1. ## Geometric Proofs

Let triangle ABC be a triangle and let D, E, an F be the midpoints of the sides BC, AC, and AB, respectively
a) Prove that triangle EDC is not similar to triangle ABC.
b) Prove that the congruences segment AF congruent to segment ED, segment AE congruent segment FD, and segment BD congruent to segment EF cannot all hold.

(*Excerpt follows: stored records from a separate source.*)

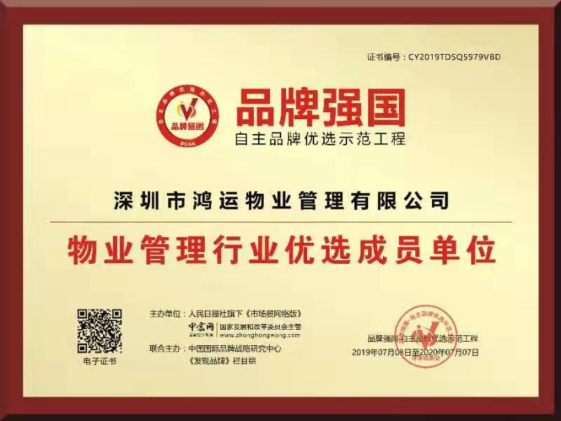 十年磨一劍,一朝試鋒芒。鴻運物業(yè)品牌建設(shè)和提質(zhì)增效工作取得顯著成績,于2018年10月至今年7月,在短短數(shù)月內(nèi),先后斬獲2018年物業(yè)服務(wù)行業(yè)中國優(yōu)選品牌、2018中國(物業(yè)管理)行業(yè)十大創(chuàng)新品牌、2018中國創(chuàng)新先鋒企業(yè)、2019年物業(yè)管理行業(yè)優(yōu)選成員單位四大獎項,鴻運物業(yè)董事總經(jīng)理陳總更是被評選為2018年中國新經(jīng)濟(年度)影響力人物。 擇優(yōu)而選,彰顯實力與口碑 2018年9月,經(jīng)由中國優(yōu)選品牌促進發(fā)展工程深圳地區(qū)組委會實地調(diào)查和嚴格篩選,“鴻運物業(yè)”脫穎而出,被評選為物業(yè)服務(wù)行業(yè)中國優(yōu)選品牌,獲得央視CCTV《發(fā)現(xiàn)品牌》欄目報道,同時公司信息有幸刊登在中國優(yōu)選品牌促進發(fā)展工程官方網(wǎng)站上。 突破創(chuàng)新,贏得專家和市場肯定 2019年1月,鴻運物業(yè)陳總受邀作為行業(yè)代表嘉賓,在北京人民大會堂參加2019中國新經(jīng)濟品牌峰會暨創(chuàng)新榜樣巡禮活動會議,被現(xiàn)場授予2018中國(物業(yè)管理)行業(yè)十大創(chuàng)新品牌、2018中國創(chuàng)新先鋒企業(yè)的獎?wù)?,以表彰鴻運物業(yè)在中國物業(yè)行業(yè)上的創(chuàng)新投入。 銳意進取,推動中國品牌崛起 2019年7月,鴻運物業(yè)協(xié)助國家發(fā)改委、人民日報社,推動品牌強國計劃、自主品牌優(yōu)選示范工程。鴻運物業(yè)作為物業(yè)管理行業(yè)全國首家入圍品牌強國計劃,與支付寶、碧桂園、恒大集團、格力等強勢占領(lǐng)稀缺性資源,緊跟國家政策推動品牌戰(zhàn)略方針,謀跨越、促升級、破壁壘、猛崛起。 未來,鴻運物業(yè)將再接再...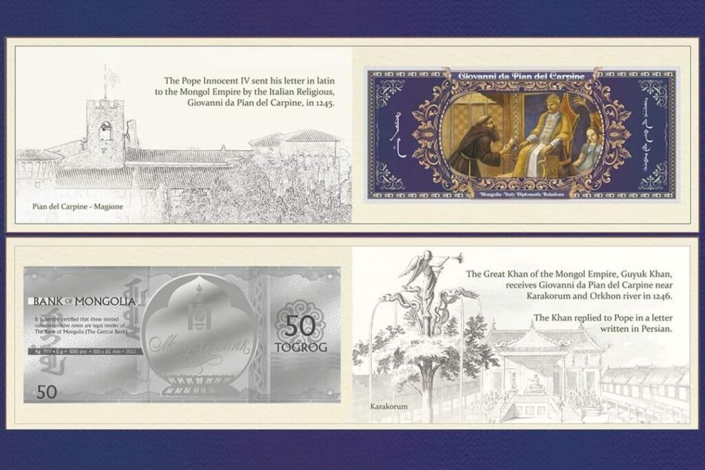 Гэгээн Ширээт Улсын төрийн тэргүүн Пап Францис болон их лам нар болох Жиоржио Маренго болон Луис Антонио Тагле нарын Монгол Улсад хийж буй түүхэн айлчлалыг угтан Монголбанк Монгол Улс дахь Бүгд Найрамдах Итали Улсын Элчин сайдын яамтай хамтран “Монгол-Итали” дурсгалын ялтсан зоосыг гаргалаа.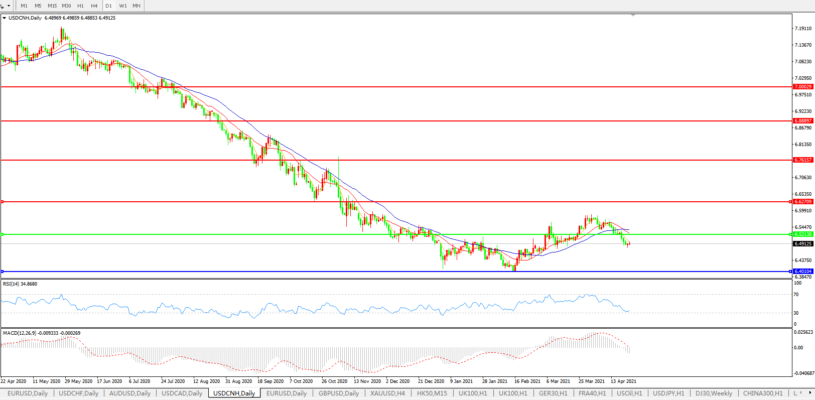 美元兑人民币USDCNH    日线图: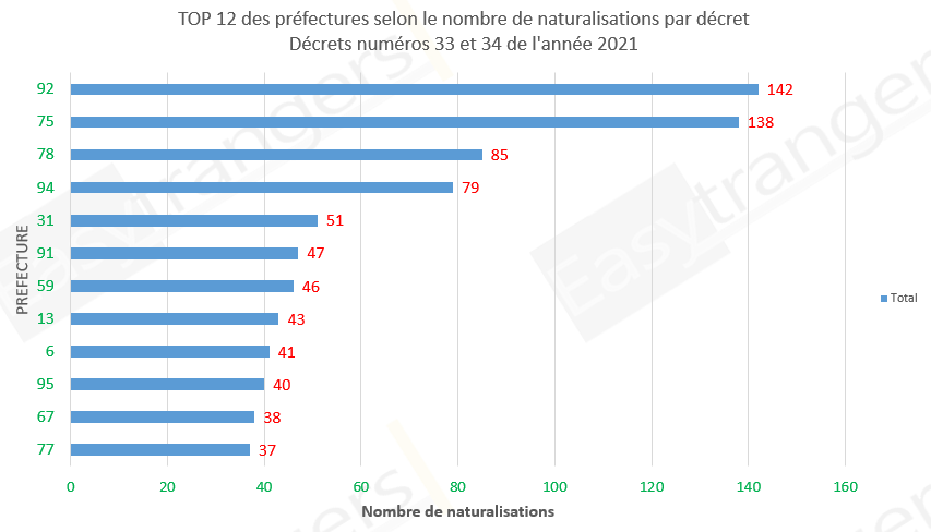 Top 12 des préfectures selon le nombre de naturalisations, décrets 33 et 34 du 29-30/09/2021: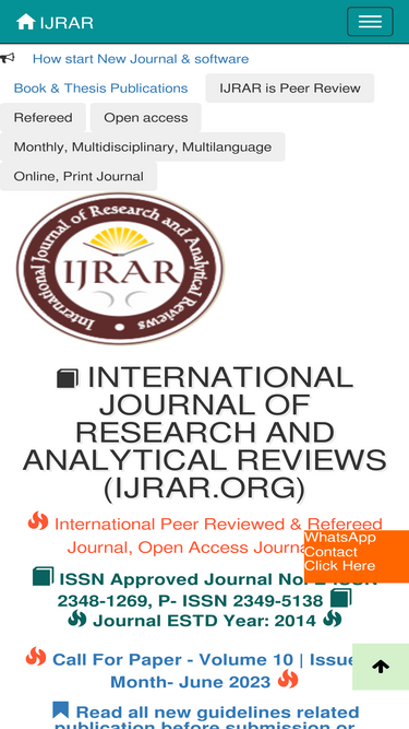 97%ugc-care list, new ugc-care reference list, ugc care journals, ugc care list of journal, ugc care list, ugc approved list, list of ugc approved journal, ugc approved journal,ijrar - international research journal,ijrar.org,ijrar.org, international journal of research and analytical reviews (ijrar) , ugc approved journal, ugc approved,ugc, ugc certify, publish free of cost, free publication, ugc and issn approved , international peer reviewed, open access journal , e issn 2348 –1269, print issn 2349-5138, issn: 2348 –1269, impact factor : 5.75 , e- journal, low cost inr 500, free publication

2. Originally Posted by sharkman
Let triangle ABC be a triangle and let D, E, an F be the midpoints of the sides BC, AC, and AB, respectively
a) Prove that triangle EDC is not similar to triangle ABC.
b) Prove that the congruences segment AF congruent to segment ED, segment AE congruent segment FD, and segment BD congruent to segment EF cannot all hold.
Hi sharkman,

If I am interpreting your first question correctly, the segment DE is a midsegment of triangle ABC. DE would be parallel to and equal to one-half segment AB. This would, infact, mean that triangle EDC IS SIMILAR to triangle ABC.

3. ## a or b

Originally Posted by masters
Hi sharkman,

If I am interpreting your first question correctly, the segment DE is a midsegment of triangle ABC. DE would be parallel to and equal to one-half segment AB. This would, infact, mean that triangle EDC IS SIMILAR to triangle ABC.
Did you answer a and b or just a?

4. Originally Posted by sharkman
Did you answer a and b or just a?
Actually, I was questioning the fact that you cannot prove that triangle ABC is not similar to triangle EDC. They are similar.

Angle CED is congruent to angle CAB (corresponding angles)
Angle CDE is congruent to angle CBA (corresponding angles)

Therefore, triangle EDC is similar to triangle ABC because of AA similarity property.

You can answer part (b) by what I stated about the midsegment of a triangle. The midsegment of a triangle is the segment that joins the midpoints of two sides. This segment is parallel to the third side and is one-half the length of the third side. This is enough information to show that

ED = 1/2 AB (triangle midsegment theorem)

AF = 1/2 AB (Given)

Therefore, AF = ED

Using similar logic, you can prove AE = FD and BD = EF.

5. ## ok...

Originally Posted by masters
Actually, I was questioning the fact that you cannot prove that triangle ABC is not similar to triangle EDC. They are similar.

Angle CED is congruent to angle CAB (corresponding angles)
Angle CDE is congruent to angle CBA (corresponding angles)

Therefore, triangle EDC is similar to triangle ABC because of AA similarity property.

You can answer part (b) by what I stated about the midsegment of a triangle. The midsegment of a triangle is the segment that joins the midpoints of two sides. This segment is parallel to the third side and is one-half the length of the third side. This is enough information to show that

ED = 1/2 AB (triangle midsegment theorem)

AF = 1/2 AB (Given)

Therefore, AF = ED

Using similar logic, you can prove AE = FD and BD = EF.
Thanks for the break down of part b.